SALT LAKE CITY, Jan 25, 2010 (GlobeNewswire via COMTEX News Network) -- Myriad Genetics, Inc. (Nasdaq:MYGN) announced that a presentation entitled: "Extensive 5-FU Inter-Patient Pharmacokinetic Variability May Result in Suboptimal 5-FU Dosing of Metastatic and Adjuvant Colon Cancer Patients on FOLFOX Regimens," was presented on Sunday, January 24th, 2010, at the Seventh Annual Gastrointestinal Cancers Symposium of the American Society of Clinical Oncology (ASCO) in Orlando, Florida. 5-fluorouracil (5-FU) is a backbone of many chemotherapy regimens, including FOLFOX (folinic acid, fluorouracil and oxaliplatin), FOLFOX6, and FOLFIRI (folinic acid, fluorouracil and irinotecan), and is used extensively in the treatment of colorectal, metastatic breast, and head and neck cancers.
The study investigated the chemotherapic dosing of 150 colon cancer patients in the United States, including 102 patients who received FOLFOX6 and 48 patients who received FOLFOX6 plus Avastin. The results showed that when 5-FU is administered in combination with oxaliplatin according to current standard-of-care body surface area (BSA) dosing, 81.3% of the colon cancer patients had 5-FU exposure levels outside the optimal therapeutic range (Gamelin, et al., Journal of Clinical Oncology). Additionally, 28.7% of the patients showed elevated exposure to the drug, from too high of a dose of 5-FU and resulting in increased risk of toxicity, including diarrhea, oral mucositis, and hand and foot syndrome, and 52.6% of the patients exhibited a suboptimal 5-FU exposure, receiving too little drug and potentially resulting in the inadequate treatment of their cancer. These data are particularly important because they are based on measurements of drug exposure in actual community practice settings and they represent the largest data set of its kind in monitoring the treatment of colon cancer patients.

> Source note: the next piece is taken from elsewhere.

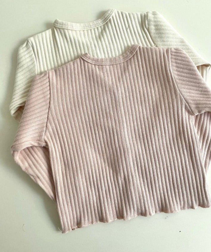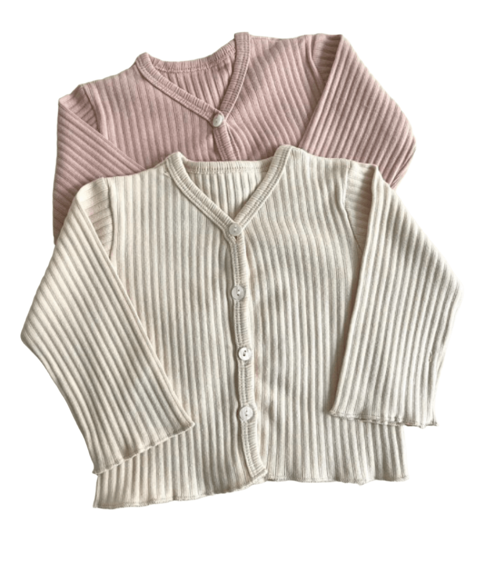 White ribbed knit baby and toddler cardigans with button front—versatile layering pieces designed for comfort and modern style.
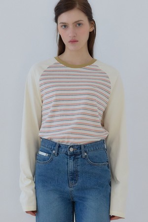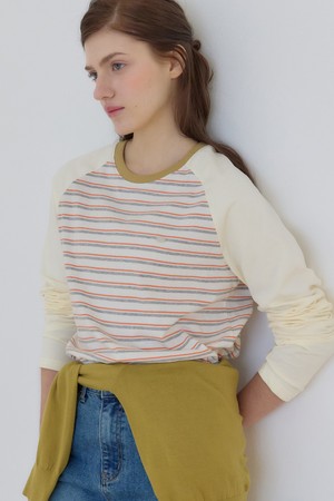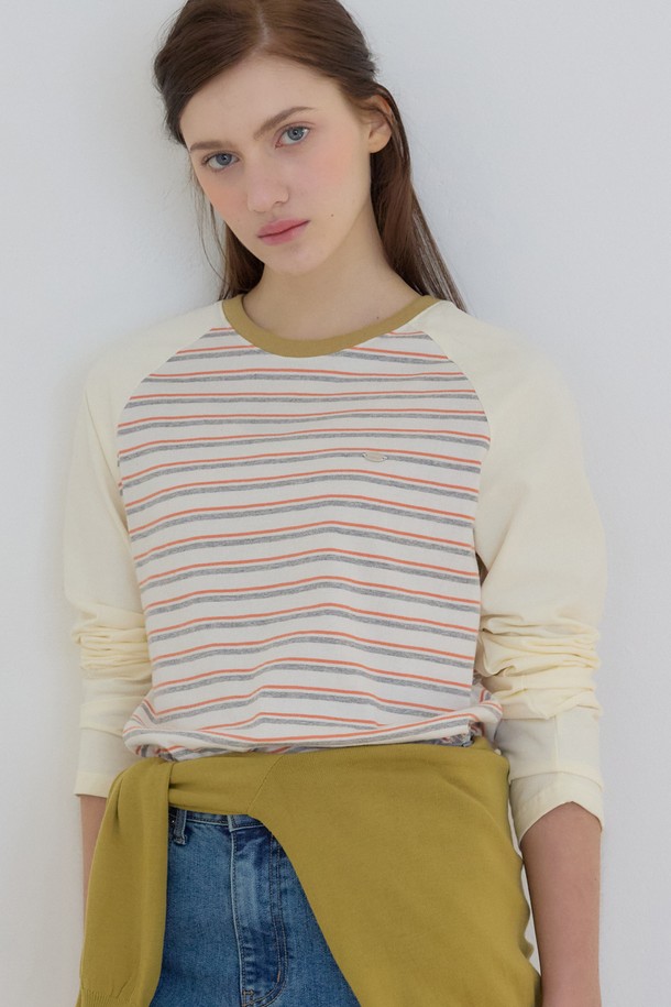 스트라이프 투톤 래글런 티셔츠 - Yellow

"This work demonstrates the large variability in 5-FU exposure that exists among colon cancer patients in the U.S. receiving 5-FU when dosed according to conventional protocols," stated Edward Chu, M.D., Deputy Director of the Yale Cancer Center. "This variability in exposure puts patients at risk of receiving too much or too little drug and highlights the importance of a laboratory test such as OnDose(TM) to monitor patient exposure to 5-FU in order to individualize dosing."
Studies conducted during the last two decades show that there is tremendous pharmacokinetic variability in the way that patients metabolize 5-FU, with as much as a 30-fold difference in clearance of and resulting exposure to 5-FU during the course of treatment. Colon cancer patients in this U.S.-based study also exhibited substantial variability in their drug exposure as determined by OnDose(TM). A consequence of this variability among patients is the difficultly for physicians using conventional BSA dosing methods to strike an optimum balance between achieving maximum efficacy in treating the cancer, and, at the same time, avoiding serious toxicity in a particular patient.

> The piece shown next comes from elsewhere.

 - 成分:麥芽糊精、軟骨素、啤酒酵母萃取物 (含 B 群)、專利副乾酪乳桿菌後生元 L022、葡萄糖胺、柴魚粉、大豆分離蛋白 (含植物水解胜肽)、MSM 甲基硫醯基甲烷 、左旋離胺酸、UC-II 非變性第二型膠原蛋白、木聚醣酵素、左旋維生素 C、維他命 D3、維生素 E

"This study confirmed previous research that a majority of colon cancer patients do not receive an appropriate dose of 5-FU," noted Dr. Gregory C. Critchfield, President of Myriad Genetic Laboratories. "We believe that our OnDose(TM) diagnostic test, which accurately measures a patient's exposure to 5-FU, will save lives and improve the quality of life for patients with colon cancer."

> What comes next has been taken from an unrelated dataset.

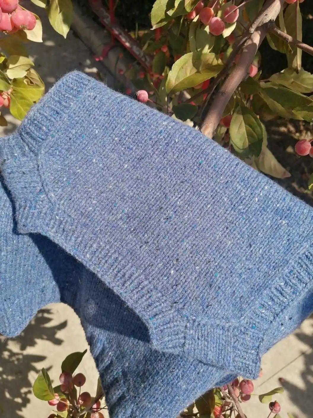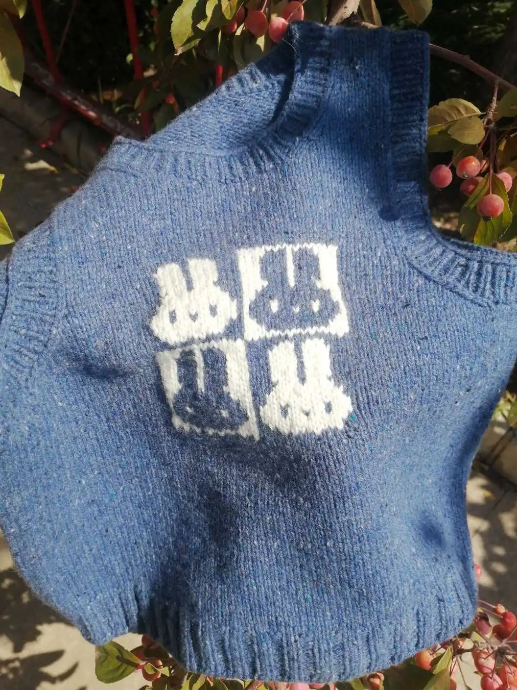 3.正面缝合前后片,3.25针挑织领子,前后领收针地方一针挑一针,其他部分四挑三,挑96针织单螺纹8行套收。

OnDose is a simple blood test that helps oncologists optimize infusional 5-FU therapy for colon cancer patients by measuring a patient's actual exposure to the chemotherapeutic drug, 5-FU. In a phase 3, multicenter, randomized study in 208 colon cancer patients published by Gamelin et al. in the May 2008 Journal of Clinical Oncology, dosing using OnDose's pharmacokinetic monitoring technology significantly improved drug efficacy and reduced toxicity. Objective response rates for these patients were nearly double that of conventionally dosed patients (33.6% versus 18.3%; p = 0.0004) and grade 3/4 toxicity events were 83% higher in the conventionally dosed patients versus those that were monitored using the OnDose technology (p = 0.003). Importantly, patients dosed using the OnDose technology survived 6 months longer than those dosed using the Body Surface Area dosing, the current standard of care. In the United States alone, 175,000 colon cancer patients may benefit from OnDose optimization of 5-FU infusion therapy each year.
About Myriad Genetics
Myriad Genetics, Inc. is a leading molecular diagnostic company focused on developing and marketing novel predictive medicine, personalized medicine and prognostic medicine products. Myriad's news and other information are available on the Company's Web site at www.myriad.com.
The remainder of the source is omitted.